The anova(object, ...)
function yields an ANOVA table, which details the results of the analysis. For the purposes of comparing successive models using HLR, we are only concerned with the p-values (the Pr(>}|t|) column). The p-value beside each model indicates whether or not it is statistically significant above and beyond its preceding model. It does not however, indicate the individual statistical significance of the model, which is why we also considered the individual model summaries.
The ANOVA table from our activity indicates that our multiple regression model is statistically significant above and beyond our simple regression model. However, our interaction model does not make a statistically significant contribution above and beyond our multiple regression model. This suggests, from a statistical standpoint, that our interaction coefficient should be removed. Recall that we did not formulate a logical basis for the interaction between the number of Shu and Wei soldiers engaged in head to head combat. Without a statistical or practical reason to include the interaction coefficient, it is best removed from the model. In other words, our HLR analysis suggests that, out of the models that we analyzed, the multiple regression model is best.
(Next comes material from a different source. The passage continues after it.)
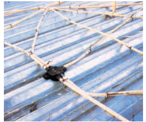
El- och vissa vvsinstallationer kan gjutas in på traditionellt vis. Infällt: Plåtändar tätas med profilskurva tätband, dessa medlev.

a. The regression models' coefficients are statistically significant.
b. The overall regression model is statistically significant.
c. The contribution that the model makes is statistically significant.
d. The contribution that the model makes above and beyond the preceding model is statistically significant.
Using the techniques that we explored in this chapter, analyze the remaining battle methods surround, ambush, and fire and create regression models for each that predict the performance rating of the Shu army. Be sure to use your practical knowledge of the combat strategies to choose appropriate coefficients for your regression models. Once you have found a few reasonably predictive models for each method, use HLR to compare them. Ultimately, come to a statistically and practically justifiable conclusion about the best regression model to use for each battle method. Remember to save your R workspace and console text to preserve the content that you created during this chapter.